Research by British Internet services company Netcraft suggests that as many as 600,000 servers worldwide are still running Windows Server 2003, despite the fact that the operating system is no longer supported by Microsoft.

These machines are responsible for around 175 million websites - around 20 percent of all websites indexed by Netcraft.

Extended support for WS2k3 ran out on July 14, and the OS is no longer safe to use, since no new security patches will ever be released.

WS2k3
– Microsoft

For whom the bell tolls

The lifespan of a Microsoft operating system is around 10 years - five years under ‘mainstream support’ when new features are still being added, and another five under ‘extended support’ when only security updates are issued.

Just like the immensely popular Windows XP, Windows Server 2003 got an extension - but eventually its creators had to pull the plug. While Microsoft cannot stop anyone from using the obsolete OS, it no longer issues patches for WS2k3, so even widely known, critical vulnerabilities are never fixed.

And yet Netcraft estimated that in July, there were around 600,000 web-facing servers still using Windows Server 2003 to host around 175 million websites – that’s ten percent of all web-facing machines. A further 1.7 million sites were believed to be hosted using WS2k3 behind load balances and similar devices that are not running Windows.

China and the United States together accounted for 55 percent of the world’s active Windows Server 2003 computers. In China, 24,000 of these were used by Alibaba Group, including 7,500 under its cloud hosting unit Aliyun, which still allows its customers to create Windows Server 2003 virtual machines.

Netcraft also notes that hundreds of banks – including NatWest in the UK – appear to be running the obsolete OS. The company warns that using WS2k3 would be especially harmful for organizations that process financial details of their customers.

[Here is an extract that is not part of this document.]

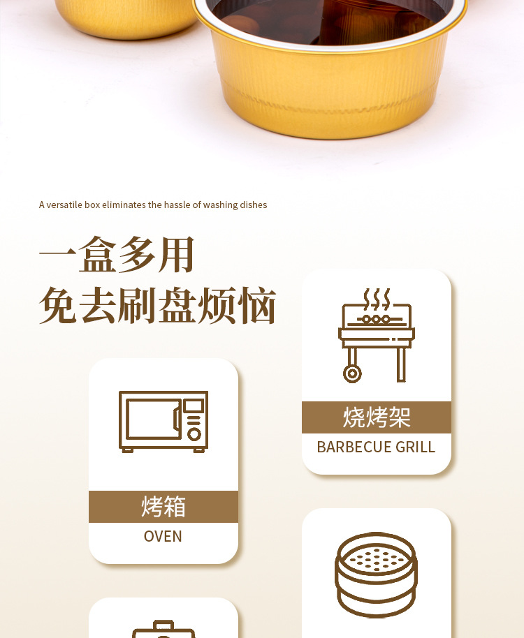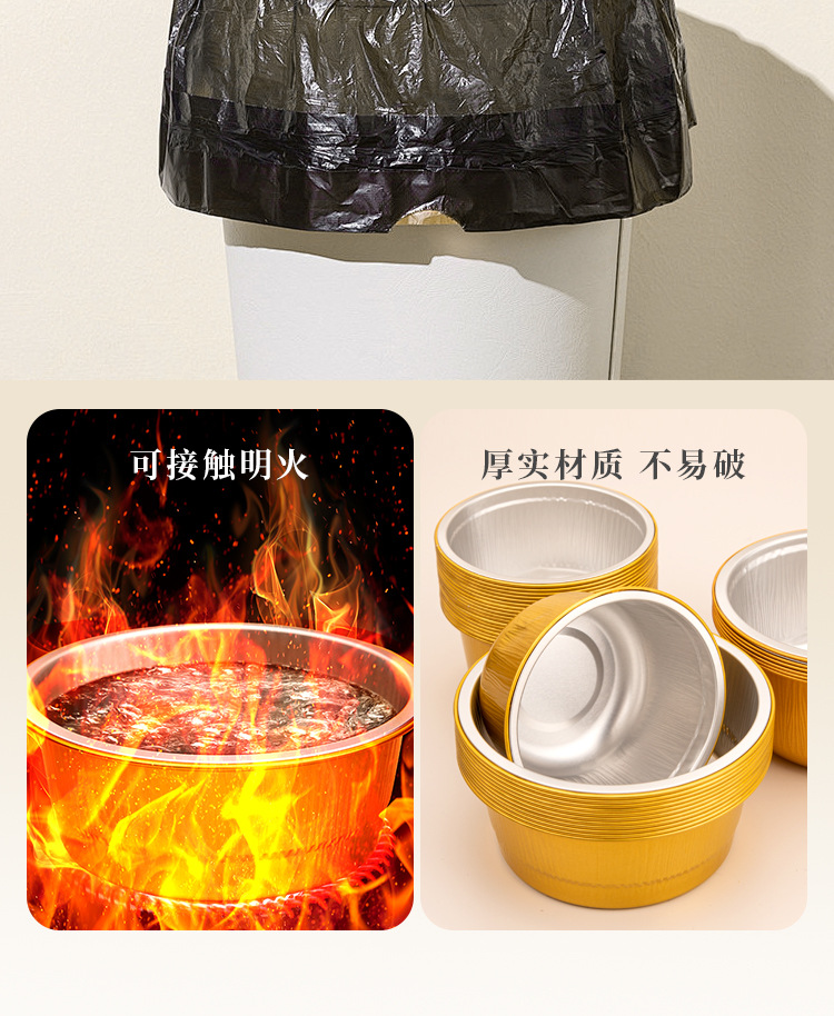 特厚アルミ箔碗皿金色使い捨て錫紙箱円形包装商用家庭用焙煎バーベキュー金色弁当箱

The Payment Card Industry Data Security Standard (PCI DSS) includes provisions on patches and security, and neglecting these could result in withdrawal of certification and hefty fines. Any organizations that handle financial details should migrate to a more recent operating system immediately.

The upgrade process from WS2k3 has been previously estimated to be generating billions of dollars for hardware and software vendors.